3. Stryker Test Report: RD-10-073. Range of motion and two and three dimensional jump distance of the Modular Dual Mobility Insert. 2010.
   
4. Herrera L, Lee R, Longaray J, Essner A. Edge loading wear due to inclination angle for three contemporary hip bearings. Presented at: Orthopaedic Research Society (ORS) Annual Meeting; March 6-9, 2010; New Orleans, LA.
   
5. Wang A, Essner A, Polineni VK, Stark C, Dumbleton JH. Lubrication and wear of ultra-high molecular weight polyethylene in total joint replacements.

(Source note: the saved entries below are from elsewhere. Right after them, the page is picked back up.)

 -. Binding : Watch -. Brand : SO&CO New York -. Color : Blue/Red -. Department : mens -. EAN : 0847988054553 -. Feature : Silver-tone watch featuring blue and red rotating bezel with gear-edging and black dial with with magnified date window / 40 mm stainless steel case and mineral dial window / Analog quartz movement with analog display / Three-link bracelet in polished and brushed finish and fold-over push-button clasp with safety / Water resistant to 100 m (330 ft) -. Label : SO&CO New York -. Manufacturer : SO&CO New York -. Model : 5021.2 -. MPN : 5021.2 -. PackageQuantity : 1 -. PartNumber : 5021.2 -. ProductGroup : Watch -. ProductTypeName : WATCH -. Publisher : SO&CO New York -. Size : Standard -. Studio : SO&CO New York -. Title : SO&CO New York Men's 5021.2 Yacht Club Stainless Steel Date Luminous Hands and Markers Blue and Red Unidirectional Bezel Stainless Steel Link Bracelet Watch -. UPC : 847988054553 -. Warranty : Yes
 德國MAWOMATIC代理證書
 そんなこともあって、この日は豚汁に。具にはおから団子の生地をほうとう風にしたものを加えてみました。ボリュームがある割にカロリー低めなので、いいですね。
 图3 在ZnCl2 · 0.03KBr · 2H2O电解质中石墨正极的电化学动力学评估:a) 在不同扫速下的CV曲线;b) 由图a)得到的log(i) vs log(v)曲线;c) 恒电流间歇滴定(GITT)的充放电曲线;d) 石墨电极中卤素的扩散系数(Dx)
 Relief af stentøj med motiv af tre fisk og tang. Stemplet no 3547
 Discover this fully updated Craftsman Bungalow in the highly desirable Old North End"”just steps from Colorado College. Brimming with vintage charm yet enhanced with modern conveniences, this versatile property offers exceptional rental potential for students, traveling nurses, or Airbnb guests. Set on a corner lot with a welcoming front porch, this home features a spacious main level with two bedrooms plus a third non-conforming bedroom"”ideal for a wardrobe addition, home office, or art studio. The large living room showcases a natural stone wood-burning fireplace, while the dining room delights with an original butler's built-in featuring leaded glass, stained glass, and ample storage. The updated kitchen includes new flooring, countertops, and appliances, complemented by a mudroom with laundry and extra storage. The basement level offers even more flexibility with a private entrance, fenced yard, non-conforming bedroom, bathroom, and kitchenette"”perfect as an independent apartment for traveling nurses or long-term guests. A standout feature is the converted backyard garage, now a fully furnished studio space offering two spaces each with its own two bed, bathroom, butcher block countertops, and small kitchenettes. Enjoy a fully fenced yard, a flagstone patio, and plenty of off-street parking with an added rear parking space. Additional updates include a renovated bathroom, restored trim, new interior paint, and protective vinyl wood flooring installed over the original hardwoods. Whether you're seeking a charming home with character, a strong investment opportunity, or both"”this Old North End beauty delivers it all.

Tribol Int. 1998;31(1-3):17-33. doi: 10.1016/S0301-679X(98)00005-X
6. Essner A, Polineni VK, Wang A, Stark C, Dumbleton JH. Hip simulator wear of “enhanced” UHMWPE acetabular inserts. Presented at: Orthopaedic Research Society (ORS) Annual Meeting; March 16-19, 1998; New Orleans, LA.
7. Essner A, Wang A, Martell J, Edidin A. In-Vitro and in-vivo acetabular cup wear corroboration. Presented at: Orthopaedic Research Society (ORS) Annual Meeting; February 25-28, 2001; San Francisco, CA.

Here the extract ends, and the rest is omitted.